Se rió de mí, mientras estaba ante el fogón, echando trocitos de zanahoria a un puchero. Me dijo que esa normativa era de la época del Titanic. Las catástrofes de hoy tenían otras dimensiones. Ahora mismo había que partir ya de la base de trescientos mil refugiados ahogados o muertos de sed. Aunque el Cap Anamur hubiera conseguido salvar a cientos, no era posible contentarse con ello. A mi puntualización de que la estimación de las cifras había sido sólo aproximada y otras objeciones, me dijo como respuesta: «¡Qué va! No me interesa saber si entre los refugiados hay traficantes, proxenetas, quizá delincuentes o colaboracionistas con los Estados Unidos»; para ella se trata de seres humanos que se ahogan a diario, mientras el Ministerio de Asuntos Exteriores y, en general, todos los políticos se aferran a unas normas del año catapún. Hace sólo un año, cuando comenzó esa calamidad, hubo primeros ministros de länder que, en Hanóver o Múnich, de cara a la televisión, acogieron a algunos centenares de las que llamaban «víctimas del terror comunista», pero ahora, de repente, sólo se habla ya de refugiados que huyen por razones económicas y de un abuso desvergonzado del derecho de asilo…

No, señor Secretario de Estado, no hubo forma de calmar a la buena señora.
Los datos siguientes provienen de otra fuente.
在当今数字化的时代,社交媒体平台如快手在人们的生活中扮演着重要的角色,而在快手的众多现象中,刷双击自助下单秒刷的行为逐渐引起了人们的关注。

Es decir, no estaba especialmente excitada, sino más bien de buen humor, pero continuamente ocupada, ya fuera ante la cocina con su puchero —«falda de cordero con verdura», según me dijo—, o colgada del teléfono. Además, continuamente llegaban visitantes, entre ellos médicos, para ofrecer sus servicios. Largas conversaciones sobre listas de espera, aptitud para vivir en países tropicales, vacunas y demás. Entremedias, siempre los tres niños. Como le decía, yo estaba de pie en la cocina. Quería marcharme, pero no me iba. No había donde sentarse. Varias veces, ella me pidió que revolviera la comida del puchero con una cuchara de madera, mientras hablaba por teléfono al lado, en el cuarto de estar. Cuando, finalmente, me acomodé sobre un cesto de colada, me senté sobre un pato de goma, un juguete de los niños que emitía horribles sonidos chirriantes, lo que provocaba las risas de todos. No, lejos de mí toda burla o, mucho menos, sarcasmo. A esa gente, señor Secretario de Estado, le gusta el caos. Los hace creativos, según me dijeron. En el presente caso tenemos que tratar con idealistas, a los que les importan un rábano los preceptos, normas, etcétera, existentes. Más bien están absolutamente convencidos, como esa buena mujer en su casa adosada, de que pueden mover el mundo. Pensé que era admirable en el fondo, aunque, en mi calidad de funcionario del Ministerio de Asuntos Exteriores, no me gustaba aparecer como un desalmado, como alguien que tenía que decir siempre que no. No hay nada más molesto, desde luego, que tener que denegar ayuda.

Al despedirme, de una forma que me conmovió pero me abochornó también, uno de sus hijos, una niña, me regaló el pato de goma chirriante. Sabe nadar, me dijo.